Metode ini digunakan untuk peringatan bahwa kemungkinan akan terjadi keadaan malnutrisi yang lebih parah lagi. Banyak gejala klinis yang kurang spesifik, maka penentuan kimia faali dapat lebih banyak menolong untuk menentukan kekurangan gizi yang spesifik (Supariasa, Bakri, dan Fajar, 2001).

4. Biofisik

Penentuan status gizi secara biofisik adalah metode penentuan status gizi dengan melihat kemampuan fungsi (khususnya jaringan) dan melihat perubahan struktur dari jaringan. Umumnya dapat digunakan dalam situasi tertentu seperti kejadian buta senja epidemik. Cara yang digunakan adalah tes adaptasi gelap (Supariasa, Bakri, dan Fajar, 2001).

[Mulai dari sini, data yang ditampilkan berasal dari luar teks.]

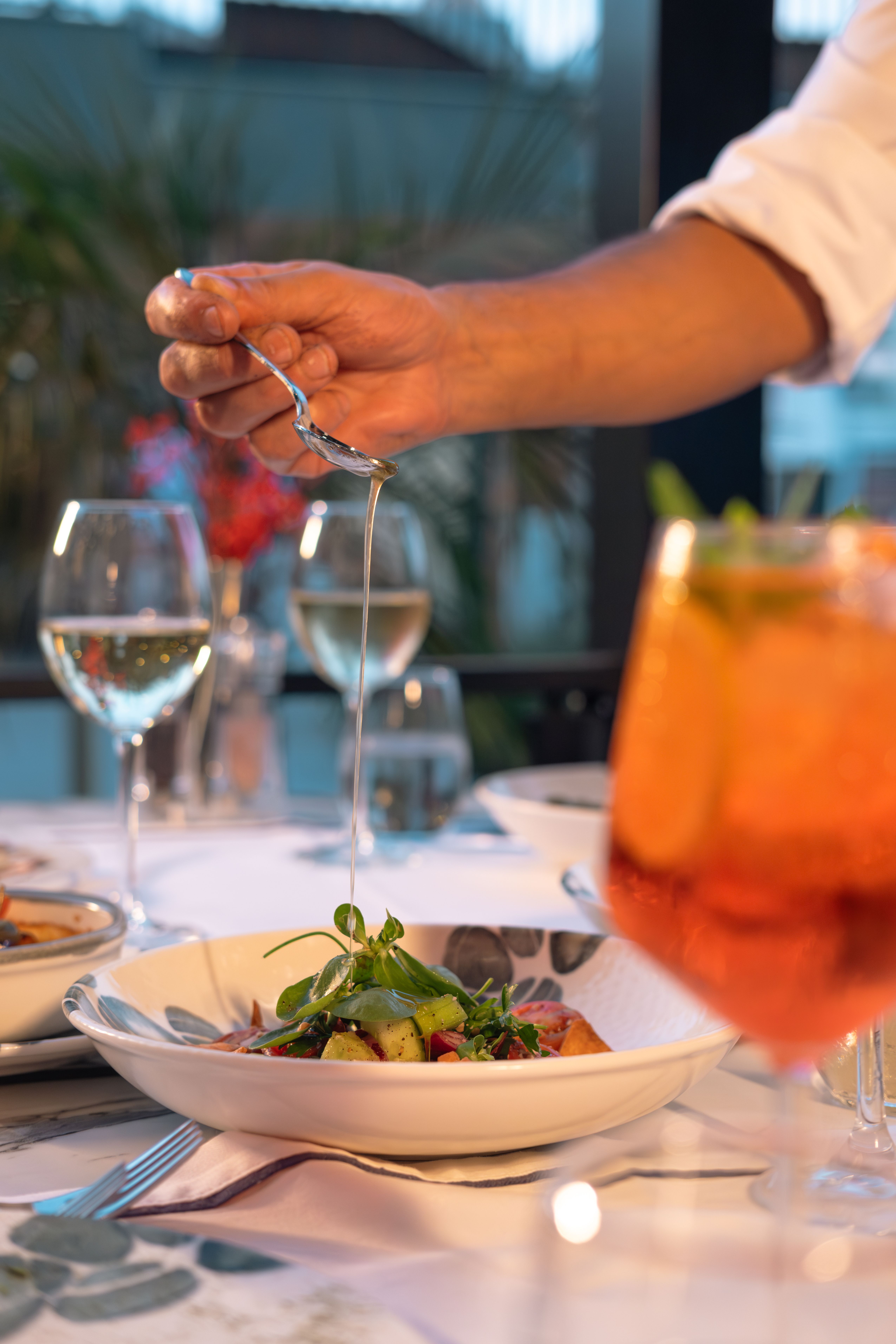 Unser Restaurant bringt die frischen und raffinierten Aromen des Mittelmeers direkt auf Ihren Tisch und hinterlässt einen unvergesslichen Eindruck auf Ihren Geschmacksknospen. Von Meeresfrüchten und Olivenöldishes bis hin zu saisonalem Gemüse und besonderen Desserts – wir bereiten mit Sorgfalt die einzigartigen Geschmäcker der mediterranen Küche zu und servieren sie Ihnen.

b. Penilaian Status Gizi Secara Tidak Langsung

Penilaian status gizi secara tidak langsung dapat dibagi tiga yaitu : survei konsumsi makanan, statistik vital dan faktor ekologi.

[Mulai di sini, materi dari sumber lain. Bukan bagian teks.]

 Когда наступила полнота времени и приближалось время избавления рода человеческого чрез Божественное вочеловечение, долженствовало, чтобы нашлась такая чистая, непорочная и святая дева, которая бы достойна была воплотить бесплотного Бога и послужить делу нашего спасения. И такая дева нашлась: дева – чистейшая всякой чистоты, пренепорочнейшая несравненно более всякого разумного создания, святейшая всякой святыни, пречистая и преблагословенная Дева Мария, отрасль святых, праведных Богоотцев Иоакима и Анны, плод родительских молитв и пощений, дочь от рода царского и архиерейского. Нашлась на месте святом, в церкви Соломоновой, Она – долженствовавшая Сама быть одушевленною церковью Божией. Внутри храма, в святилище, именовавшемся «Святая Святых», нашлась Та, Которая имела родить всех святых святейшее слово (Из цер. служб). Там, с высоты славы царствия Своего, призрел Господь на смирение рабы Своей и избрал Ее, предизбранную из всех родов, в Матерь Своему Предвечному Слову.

1. Survei Konsumsi Pangan.

Survei konsumsi pangan adalah metode penentuan status gizi secara tidak langsung dengan melihat jumlah dan jenis zat gizi yang dikonsumsi. Pengumpulan data konsumsi makanan dapat memberikan gambaran tentang konsumsi berbagai zat gizi pada masyarakat, keluarga dan individu. Survei ini dapat mengidentifikasikan kelebihan dan kekurangan zat gizi (Supariasa, Bakri, dan Fajar, 2001).

2. Statistik Vital.

Pengukuran status gizi dengan statistik vital adalah dengan menganalisis data beberapa statistik kesehatan seperti angka kematian berdasarkan umur, angka kesakitan dan kematian akibat penyebab tertentu dan data lainnya yang berhubungan dengan gizi. Penggunaannya dipertimbangkan sebagai bagian dari indikator tidak langsung pengukuran status gizi masyarakat (Supariasa, Bakri, dan Fajar, 2001).

3. Faktor Ekologi.

Bengoa dalam Supariasa, Bakri, dan Fajar (2001), mengungkapkan bahwa malnutrisi merupakan masalah ekologi sebagai hasil interaksi beberapa faktor fisik, biologis dan lingkungan budaya. Jumlah makanan yang tersedia sangat tergantung dari keadaan ekologi seperti iklim, tanah, irigasi dll. Pengukuran faktor ekologi dipandang sangat penting untuk mengetahui penyebab malnutrisi di suatu masyarakat sebagai dasar untuk melakukan program intervensi gizi.